*Description of the task*. Copy all lines below exactly as written. Leave pictures out.

*Collected data*.
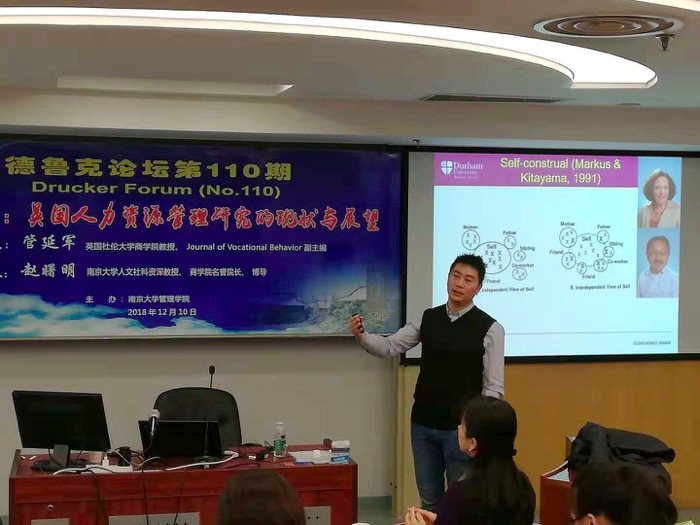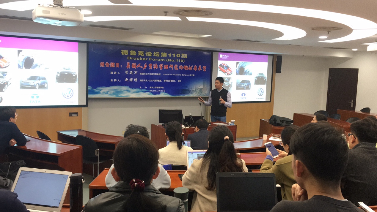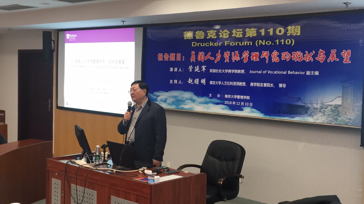 2018年12月10日上午9点,德鲁克论坛第110期在安中楼302顺利举行。英国杜伦大学太阳成集团tyc33455cc管延军教授受邀作了题为“英国人力资源管理研究的现状与展望”的主题报告。论坛由太阳成集团tyc33455cc人文社会科学资深教授、太阳成集团tyc33455cc名誉经理赵曙明教授主持。50多位教师、博士生和硕士生参加了本次论坛。
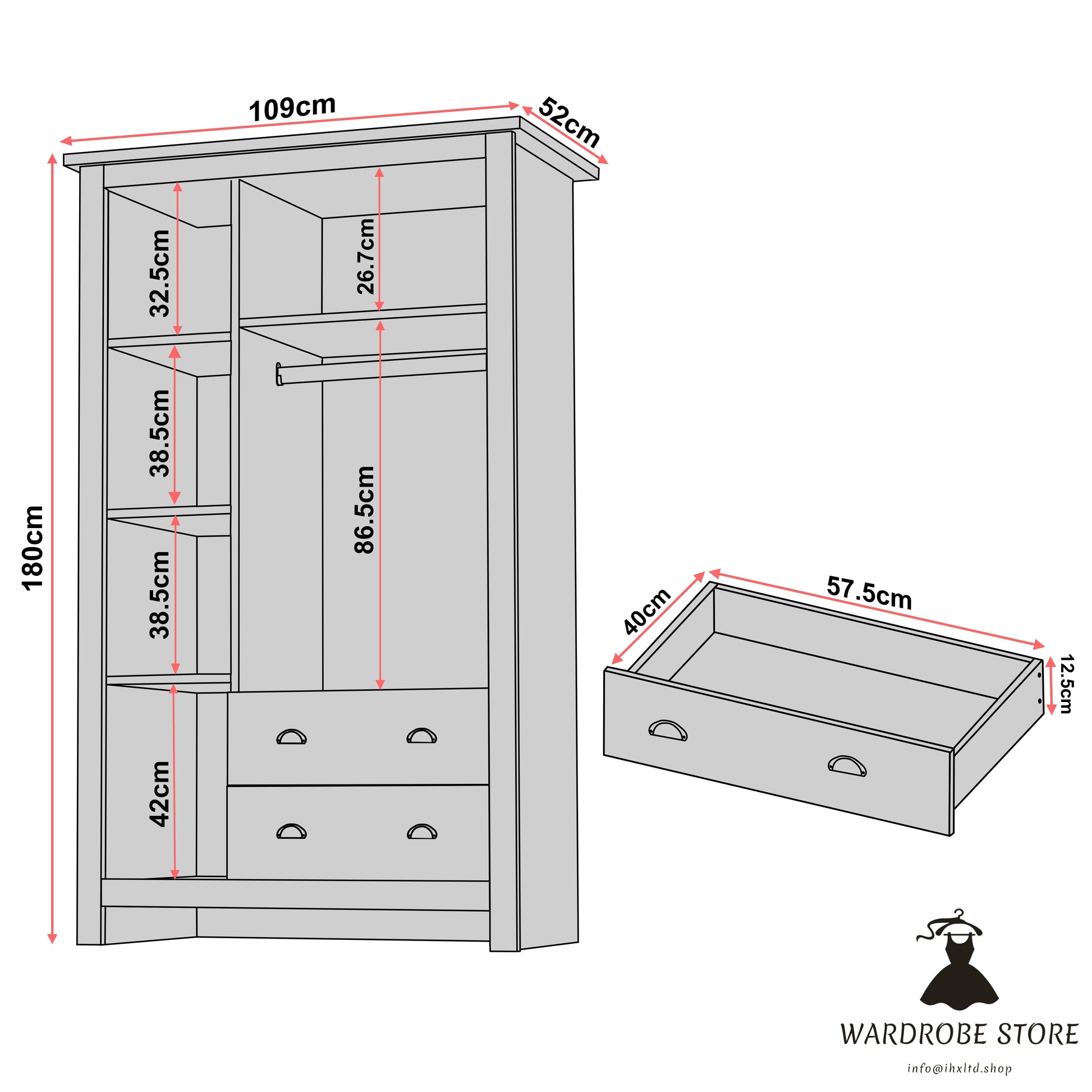 Package Included: 1 x 3 Door 2 Drawer Wardrobe, Assembly Instructions/ManualOverall Size:- Height: 180cm, Width: 109cm, Depth: 52cm
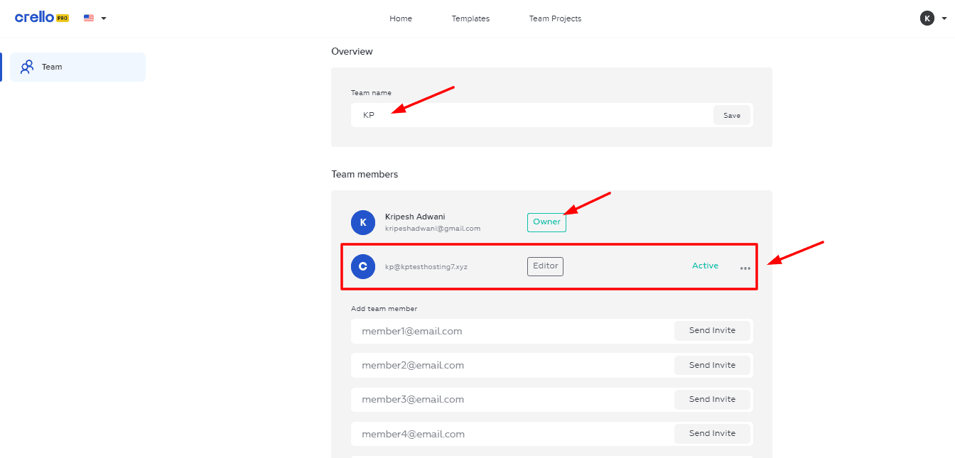 Crello Pro lets you invite up to 10 members for collaboration. The team members can create, edit, and access all the designs under a team.

*Answer below*.
 2018年12月10日上午9点,德鲁克论坛第110期在安中楼302顺利举行。英国杜伦大学太阳成集团tyc33455cc管延军教授受邀作了题为“英国人力资源管理研究的现状与展望”的主题报告。论坛由太阳成集团tyc33455cc人文社会科学资深教授、太阳成集团tyc33455cc名誉经理赵曙明教授主持。50多位教师、博士生和硕士生参加了本次论坛。
 Package Included: 1 x 3 Door 2 Drawer Wardrobe, Assembly Instructions/ManualOverall Size:- Height: 180cm, Width: 109cm, Depth: 52cm
 Crello Pro lets you invite up to 10 members for collaboration. The team members can create, edit, and access all the designs under a team.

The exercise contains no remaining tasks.